[antlr-interest] Ignoring comments in predicates problem

Paul J. Lucas pauljlucas at mac.com
Sun Jan 30 11:48:23 PST 2005


Given:

    protected Ignore
        :   (   WhiteSpaceChar
            |   "(:" ( options { greedy = false; } : . )* ":)"
            )+
        ;

    protected Keywords
        :   // ...
        |   (Identifier (Ignore)? '(' ~':')=> Identifier {
                $setType( FUNCTION_NAME );
            }
        ;

That is "Ignore" is used in predicates to ignore either whitespace or comments
-- a comment in XQuery is (: like this :)

I do get a "nongreedy block may exit incorrectly due to limitations of linear
approximate lookahead" warning for "Ignore".

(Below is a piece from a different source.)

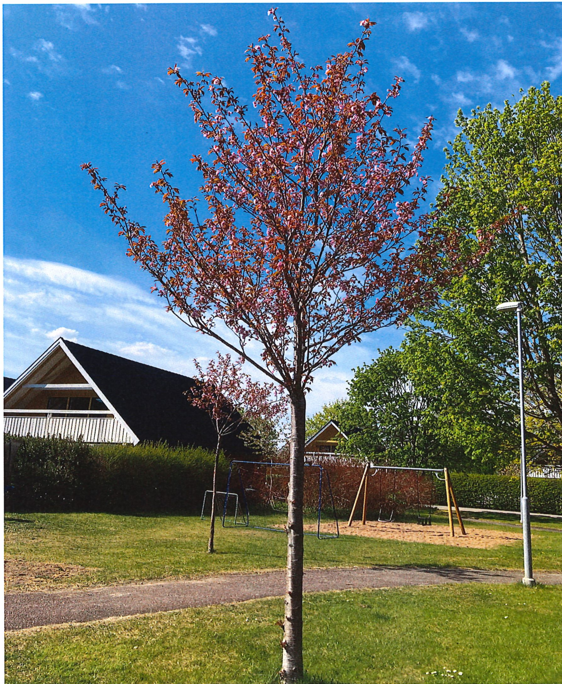
Dom japanska körsbärsträden vid UC2 maj 2023.

If I have an "Idenfitier" optionally followed by "Ignore" followed by '(' but
not followed by a ':', then I have a function name.  I want to handle all the
cases of:

    foo( ...
    foo ( ...
    foo (: comment :) ( ...

That is allow zero or more whitespaces or comments in between the Identifier
and the '('.  The second case above doesn't work.

For the ANTLR-generated code for "Ignore" I get in part:

    switch ( LA(1)) {
    case '\t':  case '\n':  case '\r':  case ' ':
    {
        mWhiteSpaceChar(false);
        break;
    }
    case '(':
    {
        match("(:");

The execution enters the '(' case above, but then match() throws a
RecognitionException because it doesn't match "(:".  Back in the "Keywords"
ANTLR-generated code, it's:

    try {
        mIdentifier(false);
        if ((_tokenSet_6.member(LA(1))) && (_tokenSet_7.member(LA(2)))) {
            mIgnore(false);
        }
        else if ((LA(1)=='(') && (_tokenSet_8.member(LA(2)))) {
        }
        else {
            throw new NoViableAltForCharException((char)LA(1), getFilename(), getLine(), getColumn());
        }
        match('(');
        matchNot(':');
    }
    catch (RecognitionException pe) {
        synPredMatched255 = false;
    }

What I *want* to happen is for execution to pick up at the "else if" above, but
since mIgnore throws a RecognitionException, it jumps to the "catch" which is
*not* what I want.

It seems to me that the ANTLR-generated code for "Ignore" should *not* throw a
RecognitionException for my second case.  Why doesn't the generated code
explicitly check for ':' after '(' and if the character is *not* ':' simply
exit?

How can I get what I want?

- Paul



More information about the antlr-interest mailing list